Hi Jakub. If done right there should be no reason you couldn't log and send metrics to datadog. We do.
OpenTelemetry is built into Growthbook and is compatible with Datadog. When you say you are letting Growthbook log everything - what exactly are you doing?
I can think of two reasons the logging might be an issue and could cause stats like you are seeing:
1. You are writing the logs to the same machine growthbook is running instead of forwarding it to another service. The machine you are using is running out of disk space, and writing to the disk slows down. Processes build up waiting to write to the disk. The OS continually swaps between the processes seeing who can write to the disk next until the machine dies.
2. There is some bug in Growthbook that is unique to your situation, or something specially that you are doing that breaks logging. The logging itself dies throwing a log message, which then dies and throws a log message, etc... Every new request that comes in sets off this chain, the end result is that the server is doing nothing but writing logs.

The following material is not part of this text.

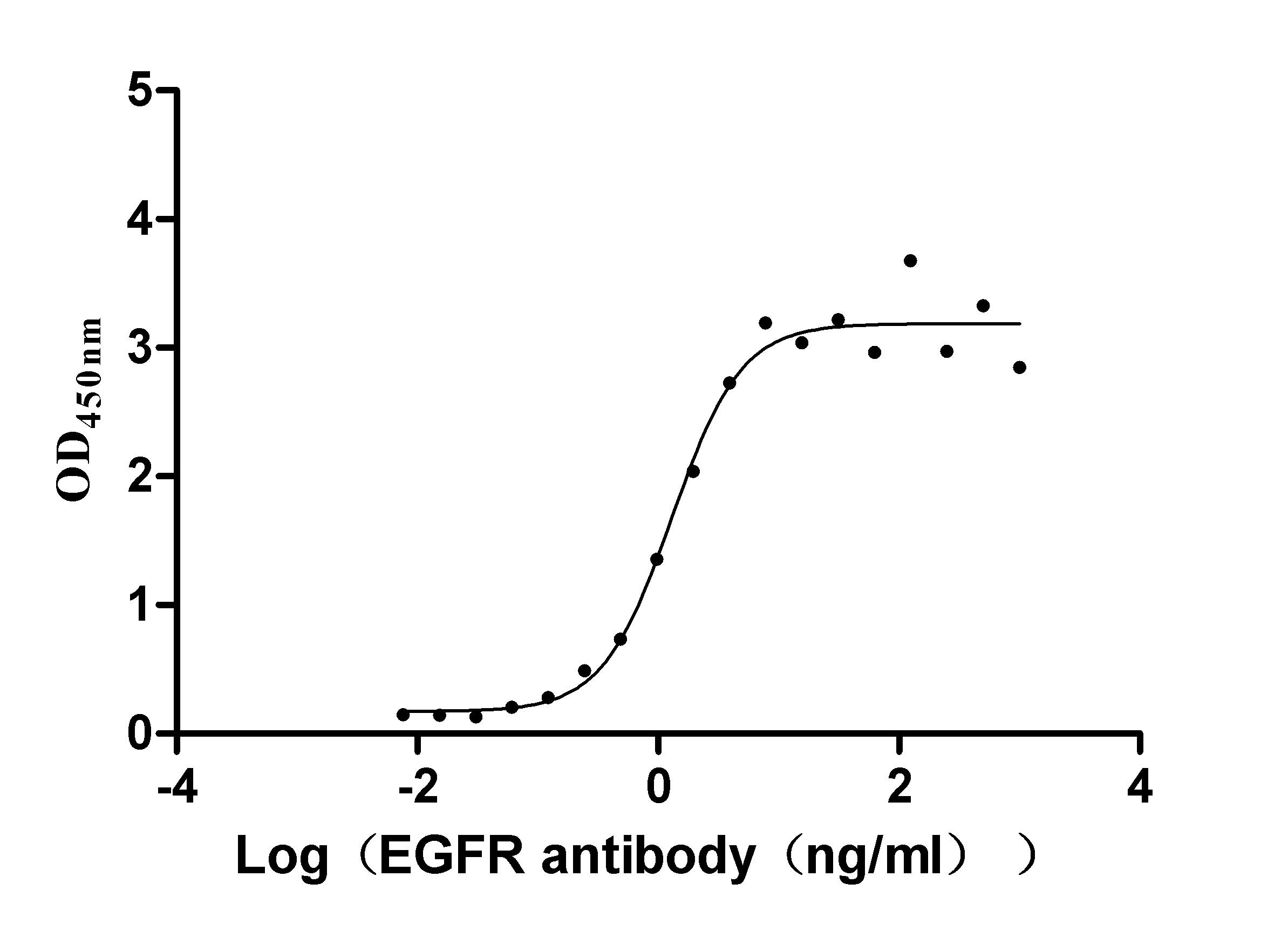 The recombinant human epidermal growth factor receptor (EGFR) is expressed from mammalian cells and fused with a 10xHis-tag at the N-terminus and a Myc-tag at the C-terminus. It contains amino acid residues 25-645 of the human EGFR protein. Its protein length covers the extracellular domain of the EGFR protein. The purity of this EGFR protein is greater than 90% determined by SDS-PAGE. The endotoxin content of recombinant EGFR protein is less than 1.0 EU/ug measured by the LAL method. Importantly, it has been validated to be active. In the functional ELISA, this EGFR protein can bind to the anti-EGFR antibody and Cetuximab, respectively. The EC50 is 2.867-3.571 ng/ml and 0.6919-1.047 ng/ml, respectively. In the LSPR assay, the human EGF captured on the COOH chip can bind to this EGFR protein with an affinity constant of 11.9 nM. And it is in stock now.
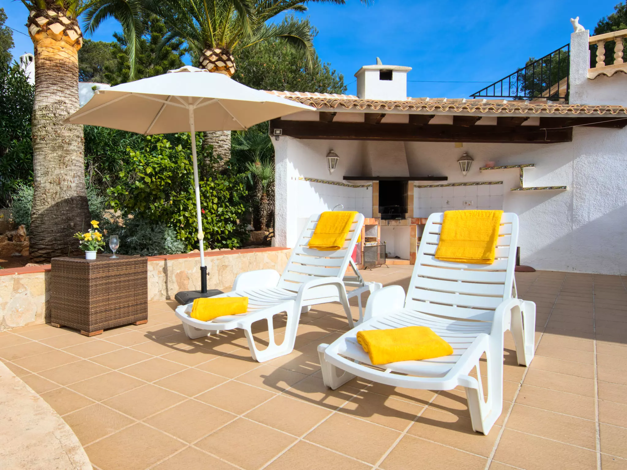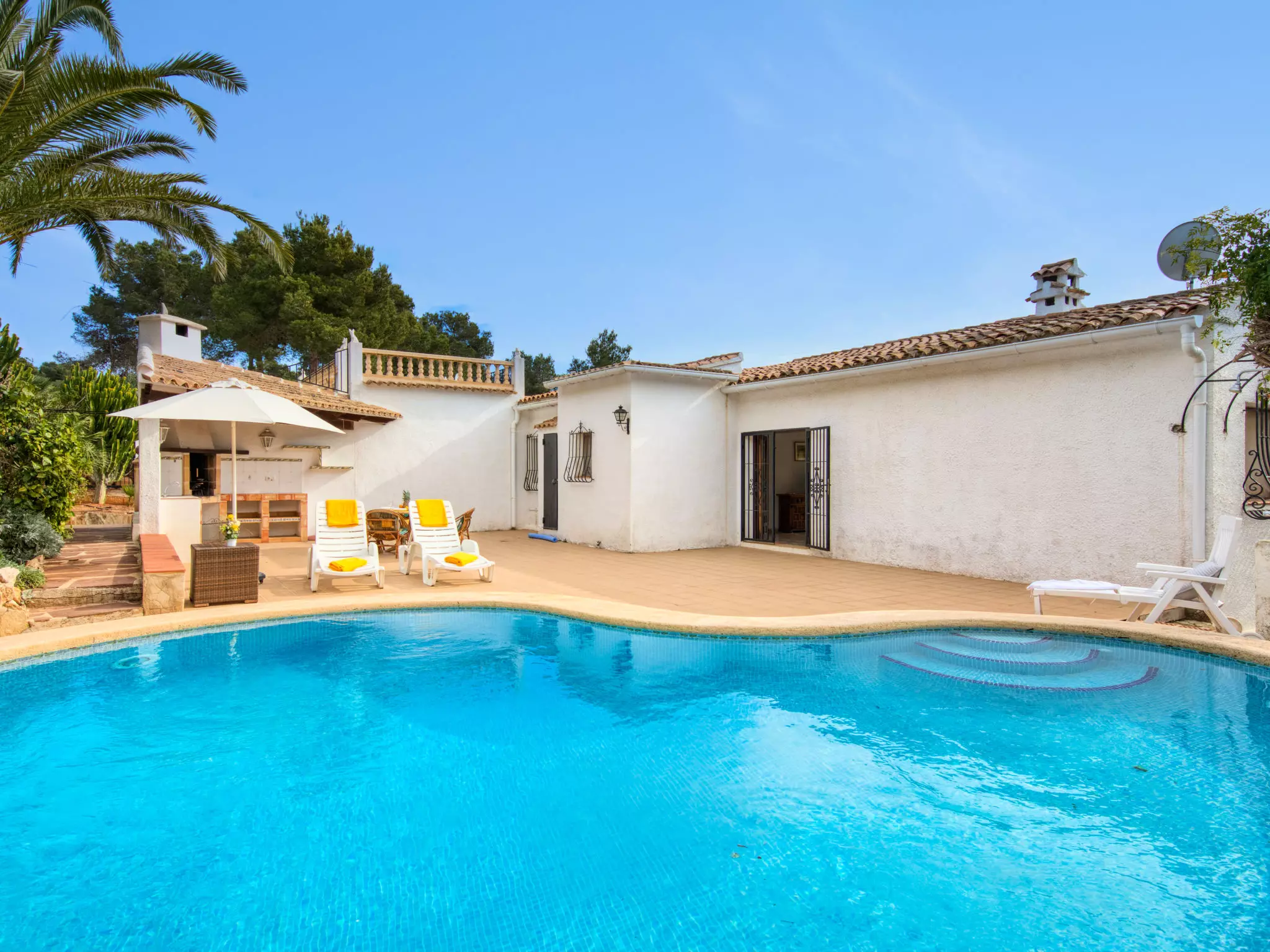 Maison "La Concha". Dans le quartier de Panorama, à 5 km de la mer. A usage privé: jardin 985 m2 (pas clôturé) avec plantes et fleurs, piscine en forme d'haricot (4 x 7 m, profondeur 90 - 160 cm, disponibilité saisonnière: 01.Jan. - 31.Dec.) avec marches intérieures. Douche extérieure. Infrastructures de la Maison: terrasse sur le toit. Restaurant, bar 600 m, arrêt de bus "Toscamar" 2.8 km, plage de sable "Arenal" 5 km, crique pour baignade 3.5 km. Tennis 600 m. Groupes de jeunes sur demande seulement.

Given that these are possible plausible scenarios, it makes sense to look into whether disk space is an issue, and then try running Growthbook without logging to see if it things perform better.
It is clear to me though from the graph you sent that this is not a performance issue with Growthbook in the sense that a specific route can't handle the amount of experiments/metrics you have, but rather that there is some bug in Growthbook or in your setup such that there is some feedback loop happening that causes the server to go off the rails.